The release studies of honeycomb scaffolds (1.0%, 3.0%, 5.0%, and 7.0%, w/w; 0.2 mm thickness) were performed to evaluate the effect of dose on drug release (Figure 11a,b). The release studies of 7.0% (w/w, 0.2 thickness) scaffold with different pore shapes (honeycomb, triangle, square 1, and square 2), and 7.0% (w/w, honeycomb) scaffolds with different thicknesses (0.1, 0.2 and 0.4 mm) were performed to investigate the effect of geometry on drug release (Figure 11c,d). All curcumin-loaded scaffolds displayed sustained release pattern over 24 h (thickness 0.2) or 48 h (thickness 0.4). The highest cumulative release was observed in 7% (w/w, 0.4 thickness) honeycomb over 77 h (1346 µg), which was attributed to the highest amount of curcumin present in those scaffolds. This pattern of a large amount of curcumin release in 48 h is beneficial for the elimination of residual cancer cells because of the dose-dependent anti-glioma effects of curcumin and its low toxicity profiles, which allows it to be safely used in high dose [25]. The release data of each group was fitted in Monoexponential, Higuchi, Niebergall, Hixson-crowel, Weibull, and Biexponential models and the release profiles were all consistent with the biexponential release mechanism (Table 6).

3.4.1. The Effect of Drug Loading on Drug Release

The release studies of curcumin-loaded PCL scaffolds (honeycomb, thickness 0.2 mm) with different drug loadings (1, 3, 5 and 7%) was performed to evaluate the effect of drug loading on release behaviour. Despite different loadings, all curcumin-loaded PCL scaffolds displayed a sustained release of approximately 75% of the drug over 24 h and drug release was completed in 48 h. As the drug loading increased, the release amount increased proportionally while the release curvilinear trend remained unchanged. By altering the drug loading dose, the drug release profile can be controlled to fit in the therapeutic windows of individual patients. Therefore, the 3D printed PCL scaffold is a great carrier to deliver a personalised dose according to individual regimens.

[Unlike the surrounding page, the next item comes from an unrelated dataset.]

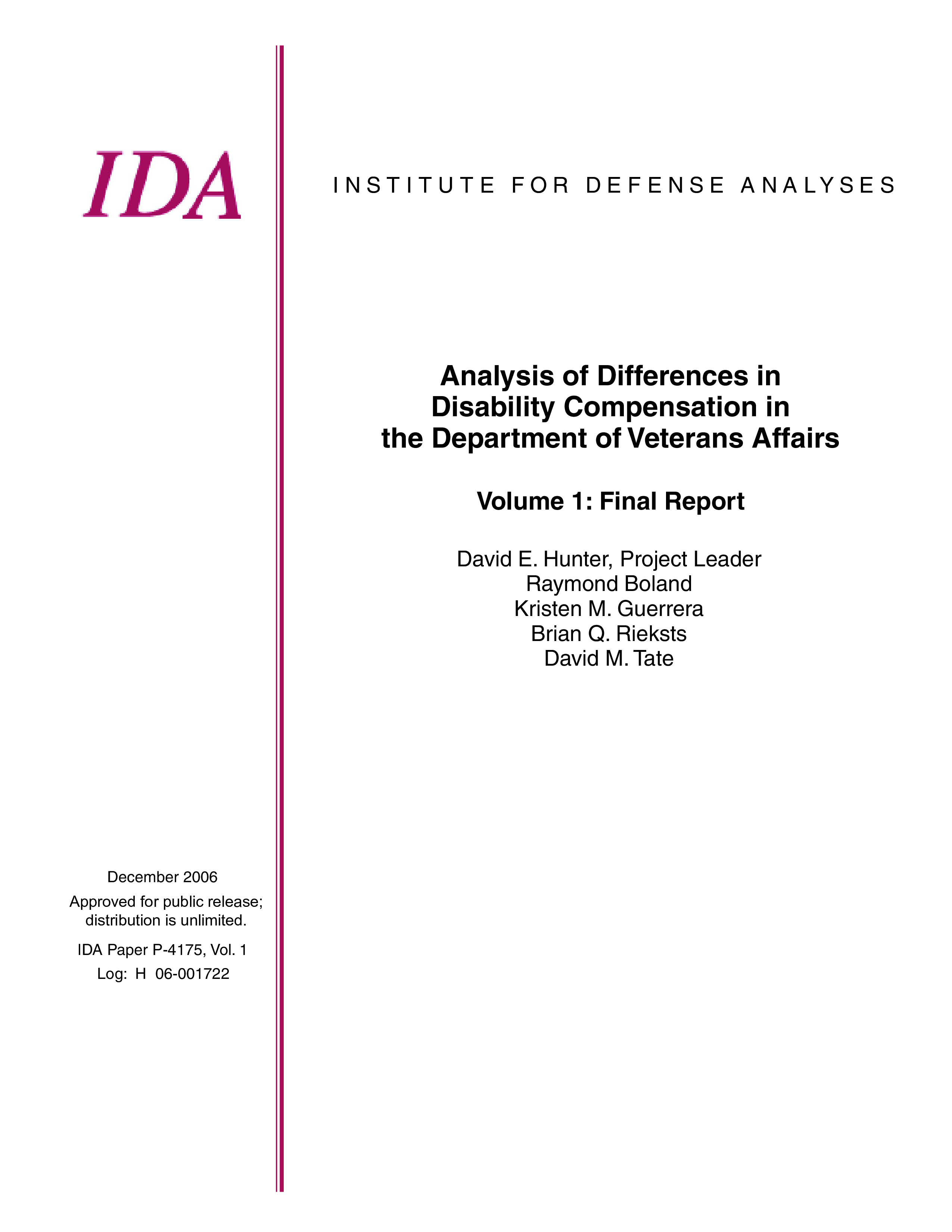 IDA studied the differences across states in average disability compensation awards and in the percentage of veterans receiving disability compensation. IDA first identified the major national factors that influence disability compensation awards or the percentage of veterans receiving compensation.

3.4.2. The Effect of Geometry on Drug Release

The release studies of curcumin-loaded PCL scaffolds (7%, w/w) with different thicknesses and pore shapes were performed to evaluate the effect of geometry on drug release (Figure 11c,d). As the thickness increased from 0.1, 0.2 to 0.4 mm, the sustained release durations were significantly prolonged from 6 h to, 24, to 48 h, which can account for the decrease of the S:V ratio [33]. In addition, as thickness increased, the amount of drug released increased from 245 µg to 599 µg and 1346 µg.
Compared to altering the thickness, changing the pore shapes has a minor effect on drug release durations but a bigger effect on drug release amounts. While thickness remained the same, Group square 1 and triangle released higher levels of curcumin compared to group square 2 and honeycomb scaffolds, which was attributed to the highest amount of curcumin present in each 10 × 10 mm release samples. The 60 × 60 mm CAD models of group square 1 and triangle have bigger volumes (Table 3), hence more drug was present in 10 × 10 mm samples, leading to more drug release. In addition to adjusting the dose by 3D printing with different loading filaments, here dose adjustment can also be achieved by CAD and 3D printing alone, by altering the scaffold volume per unite area or increasing the thickness to both increase drug release amount and duration. Therefore, 3D printing is a great tool for the versatile manufacturing of scaffolds to adjust the treatment regimen according to individual needs.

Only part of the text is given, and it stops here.